I tried to reason with him, man-to-man.

“Look Doc, in a few years I won’t be able to have sex. So I can’t waste the time when I can still do it. And when I can do it—I’ll be too afraid to do it at home alone, so can I do it here in your office? Not with you in the room. Just give me some kind of buzzer to hold in my other hand that I can punch if I need medical assistance.”

I went home a few days later. I rested, relaxed, and relished in the one amazing side effect of this: I hear I love you—a lot. I’m eating more vegan; soon I’ll be all withery like Bill Clinton.

My book? Hello, I’m a Marine. I formed my own publishing imprint, and called my rep at Ingram to distribute. I resumed my tour.

That other milestone finally arrived—the day I got cleared to have sex. I decided to go it alone. It might look like a murder scene to the cops if I died mid – in flagrante—and that would be so difficult on my boyfriend. Not a multi-tasker. He can’t mourn and do hard time.

I’ll set the scene. I’m downstairs, in the living room, on the couch, middle of the day. My cell phone is next to me. For a phone call, not a photo. Nitroglycerine not merely nearby. Just in case I need one quickly, I open the bottle and spill out a few tiny white pearl tablets, like sub textual semen.

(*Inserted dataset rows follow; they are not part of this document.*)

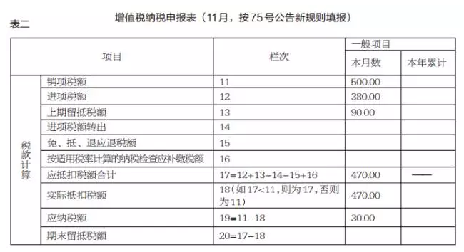 2.按75号公告确定的新申报规则计算税款所属期11月份的应纳税额为30万元,“期末留抵税额”本年累计余额为0元: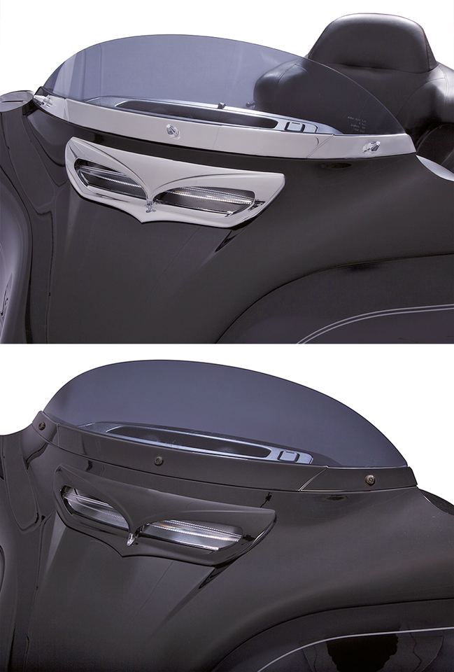 The Ciro windshield trim is a clean and classy piece, designed to work with the body lines of 2014 to present Harley-Davidson FLHTCU, FLHTCUL, FLHTK, FLHTKL & FLHTKSE Electra Glide, FLHX, FLHXS & FLHXSE Street Glide and FLHTCUTG Tri-Glide models and smooth out the front end of your bike. Specially designed to flow with the natural accent lines of the fairing.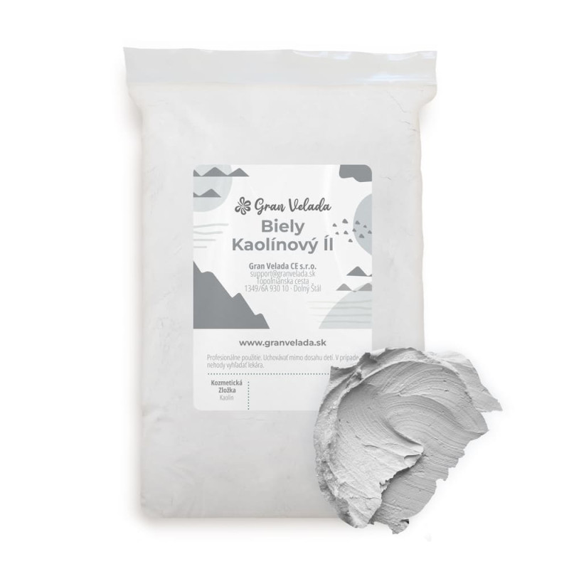 V Gran Velade si môžeš kúpiť kaolínový biely íl na výrobu masiek, peelingov, mydiel... Je to prírodná zložka plná prospešných účinkov, ideálna na ošetrenie normálnej, citlivej alebo suchej pokožky. Zoznam vlastností bieleho ílu zahŕňa omladzujúce, remineralizačné a upokojujúce vlastnosti. Okrem toho je kaolínový biely íl dokonalým regenerátorom buniek, ktorý dokáže detoxikovať a dekongestovať pokožku a zároveň na ňu pôsobí vypínajúco. Môžeš si z neho vyrobiť masku z bieleho ílu a využiť tak všetky jeho výhody. Ak si chceš kúpiť biely íl vo veľkoobchodnom predaji v úspornom balení, klikni sem.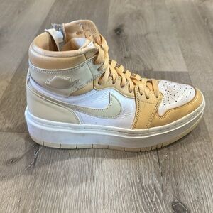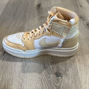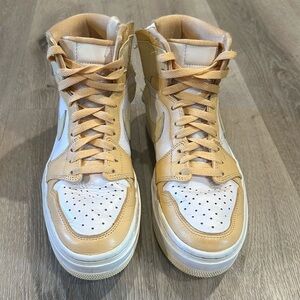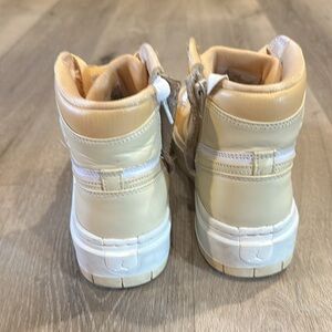 Platform Jordans in celestial gold/white/sail/muslin with a side zipper.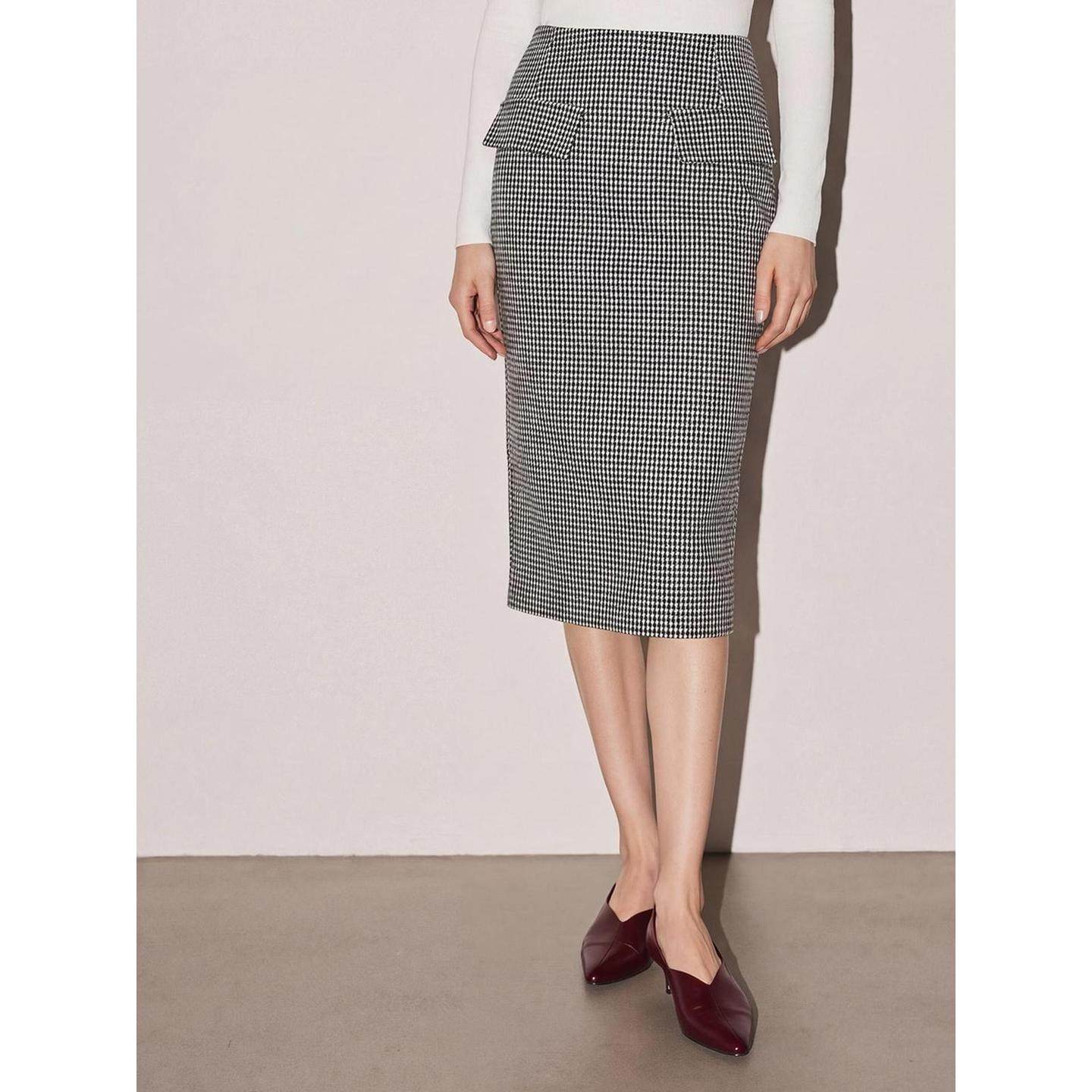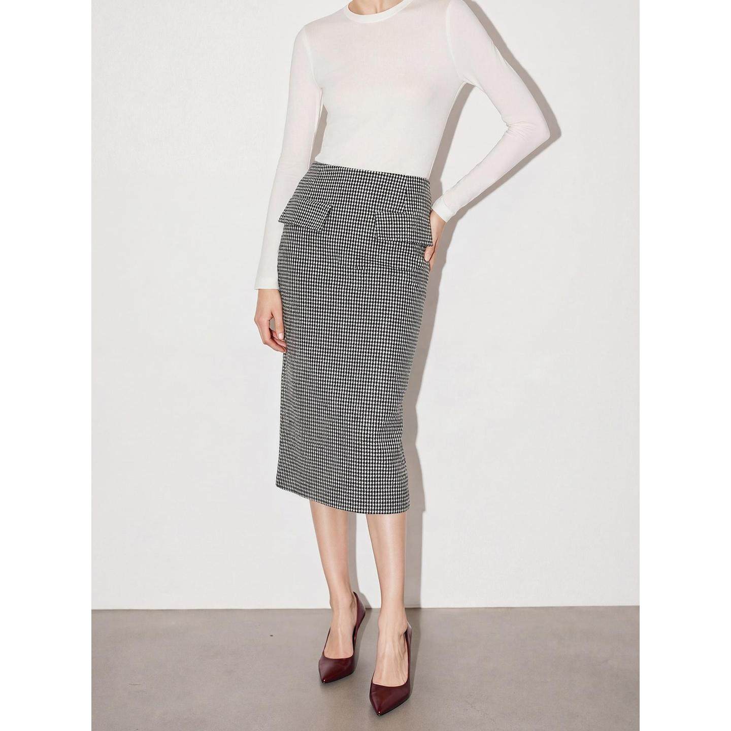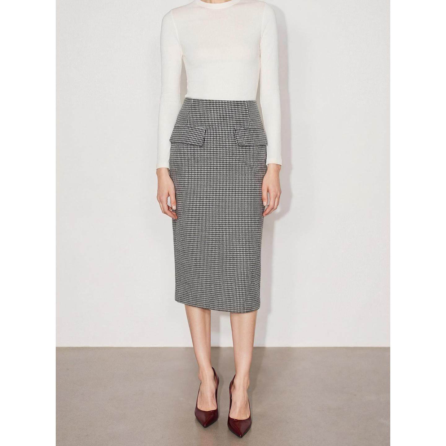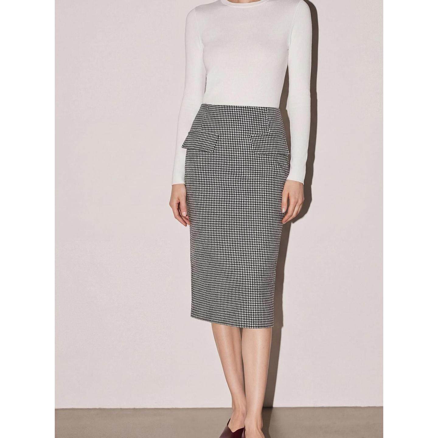BasicHouse/百家好2026春季新款千鸟格羊毛半身裙,以经典复古的千鸟格纹为设计亮点,融合现代剪裁工艺,打造优雅包臀一步裙版型。精选优质羊毛混纺面料,柔软亲肤且富有垂坠感,兼具保暖性与透气性,适合早春微凉时节。高腰设计拉长腿部线条,贴合身形却不紧绷,展现女性曼妙曲线。侧边隐形拉链与精致走线彰显品质细节,搭配西装、针织衫或衬衫皆宜,轻松驾驭职场通勤与日常休闲场景。百搭黑灰格纹色调,经典不过时,是打造知性优雅风格的必备单品。

I’m fully dressed: shirt, jacket, shoes. Look, I’m not going out like David Carradine. I open my pants, ease my underwear down barely to pervert-in-a-movie-theater level—and begin. I use my USMC field combat training and limit my arm and hand motion, exerting only the smallest effort in the “jacking,” saving everything necessary for the “off.”

I’m happy to report I survived. Twice.

By now I guess the moral of this story is pretty obvious. If you think you’re having a heart attack, don’t pretend that you’re not – don’t hesitate to seek help immediately, emergency rooms won’t turn you away. And chew the aspirin.